*Source data*:
----------------------------------------
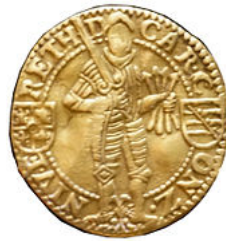
Ducat d'or de Charleville.
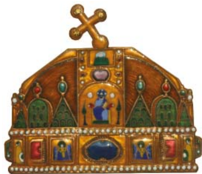
Az óbudavári Schönstatt-kápolnához készített magyar korona (Zoltán Győző és Mária ötvösművészek munkája. Tűzzománc, 2014)

A magyar Schönstatt-család az óbudavári kápolnában levő MTA kegykép megkoronázásra készül. E kiadvány célja a lelki készüllet elősegítése, az esetleges felmerülő kérdések megválaszolása, és a segítségnyújtás abban, ha a közös koronázási gesztust egy saját szívbéli, vagy otthon a háziszentélyben zajló koronázással előzzük meg, és készítjük elő.
----------------------------------------
*Exercise description*: Work out how many lines of the listing above include "óbudavári"; the reply is that number alone.

*Finished task*: 2